Task objective
Transcribe exactly the lines from the one containing "Armstrong Medical Clinic" through the end of the data, both included. Leave out pictures.

Entries shown
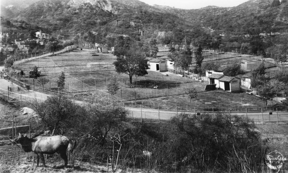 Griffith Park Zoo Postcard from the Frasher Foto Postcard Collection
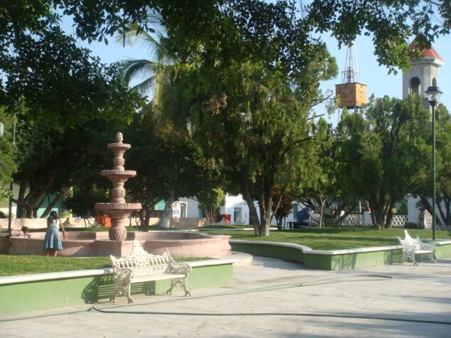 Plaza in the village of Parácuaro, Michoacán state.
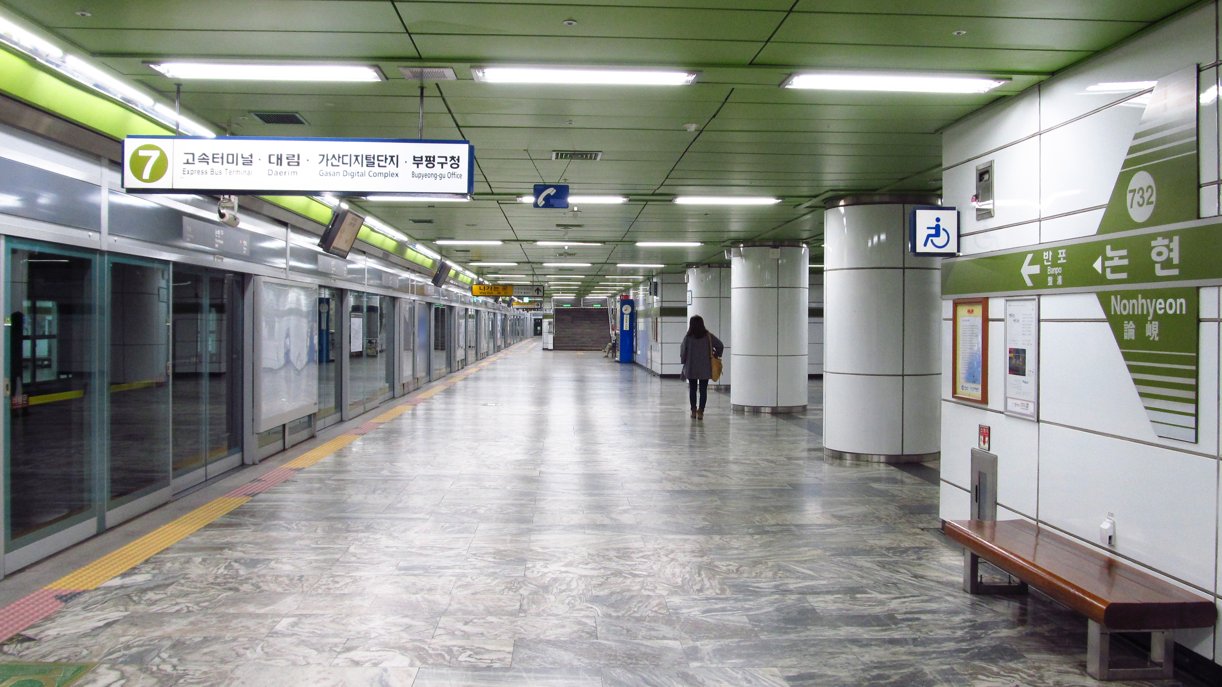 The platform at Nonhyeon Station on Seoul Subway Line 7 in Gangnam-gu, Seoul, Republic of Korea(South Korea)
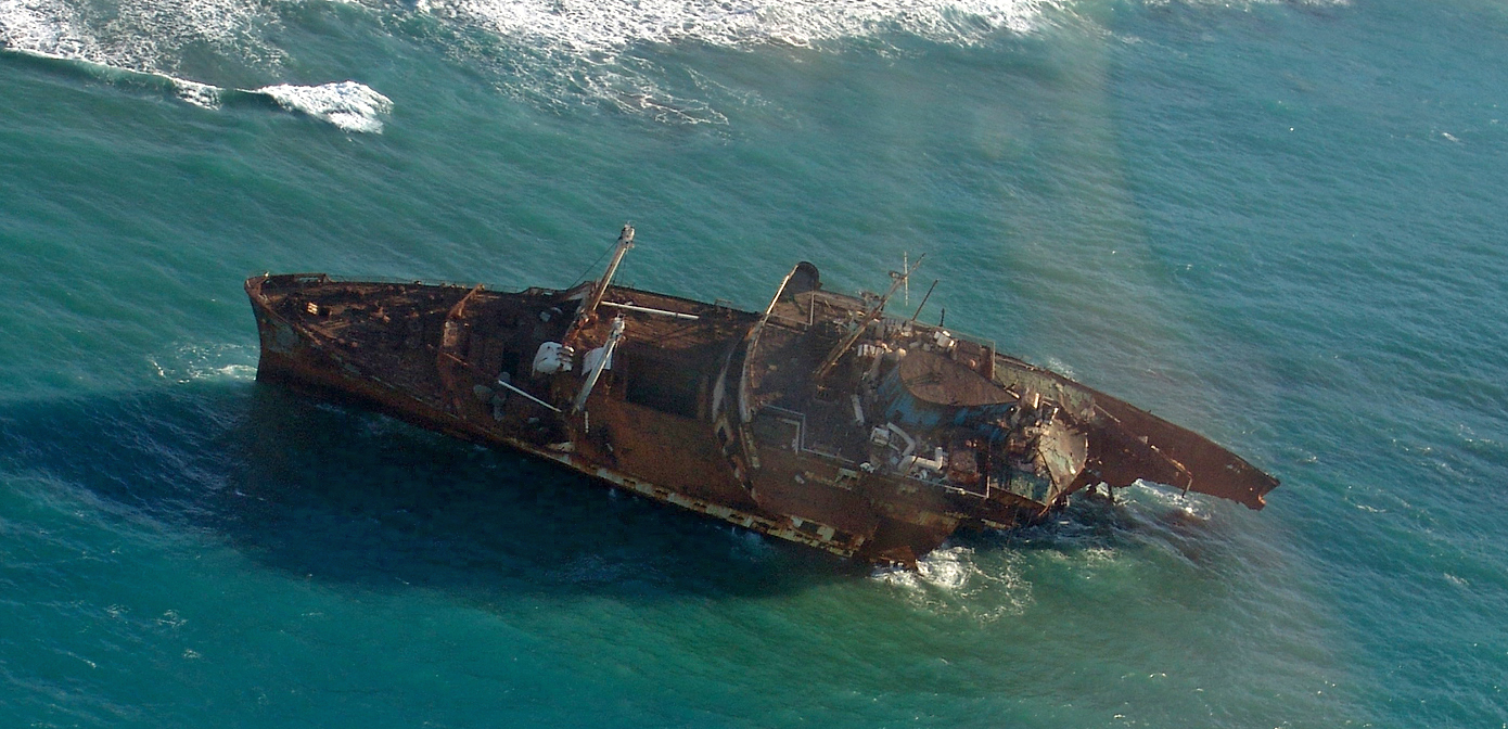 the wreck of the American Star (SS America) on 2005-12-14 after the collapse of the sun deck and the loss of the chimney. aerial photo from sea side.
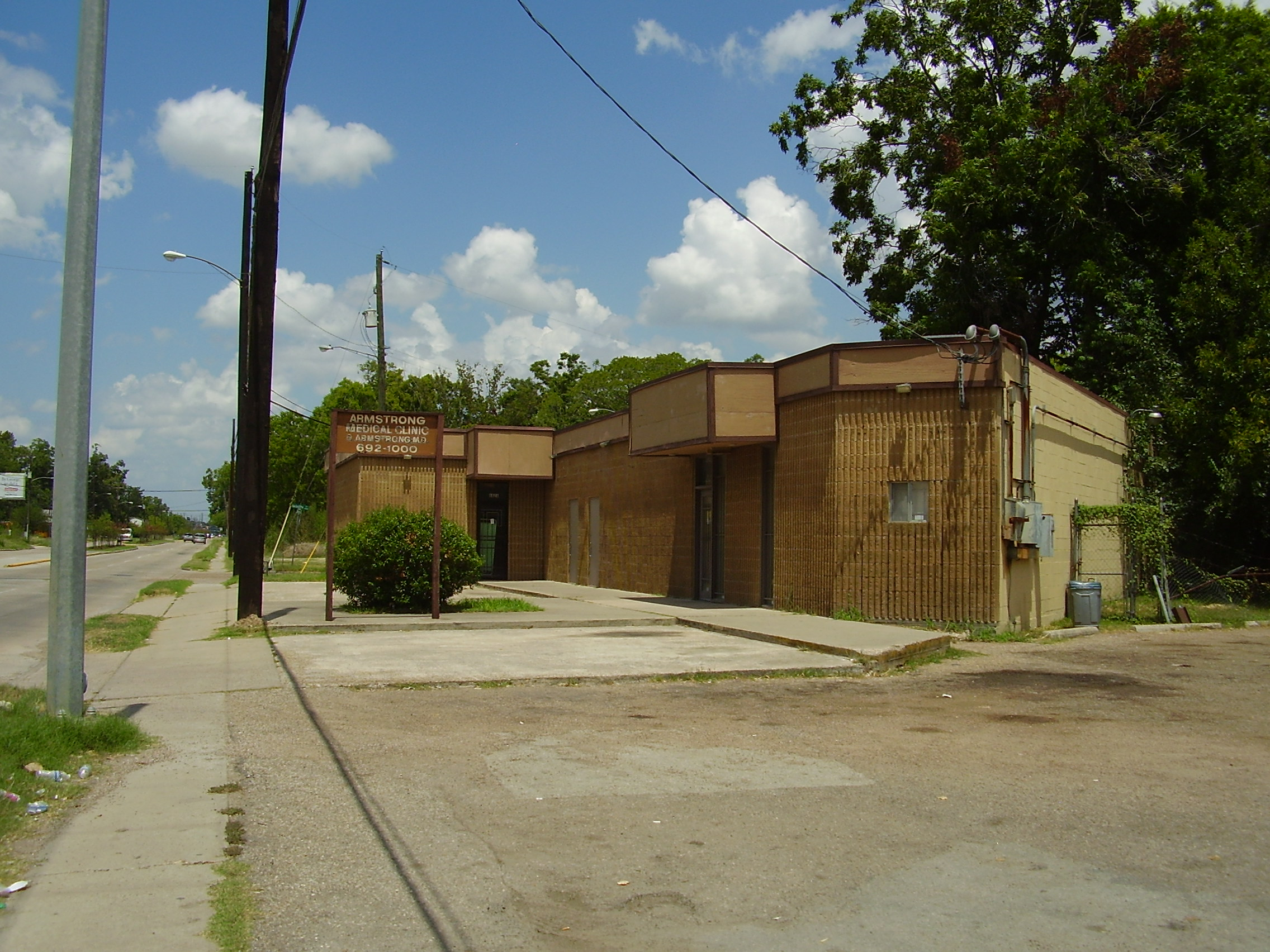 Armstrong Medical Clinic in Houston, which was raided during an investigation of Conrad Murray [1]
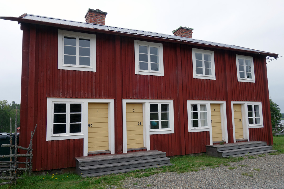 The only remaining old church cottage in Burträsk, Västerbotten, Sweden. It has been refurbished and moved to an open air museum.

Solution
 Armstrong Medical Clinic in Houston, which was raided during an investigation of Conrad Murray [1]
 The only remaining old church cottage in Burträsk, Västerbotten, Sweden. It has been refurbished and moved to an open air museum.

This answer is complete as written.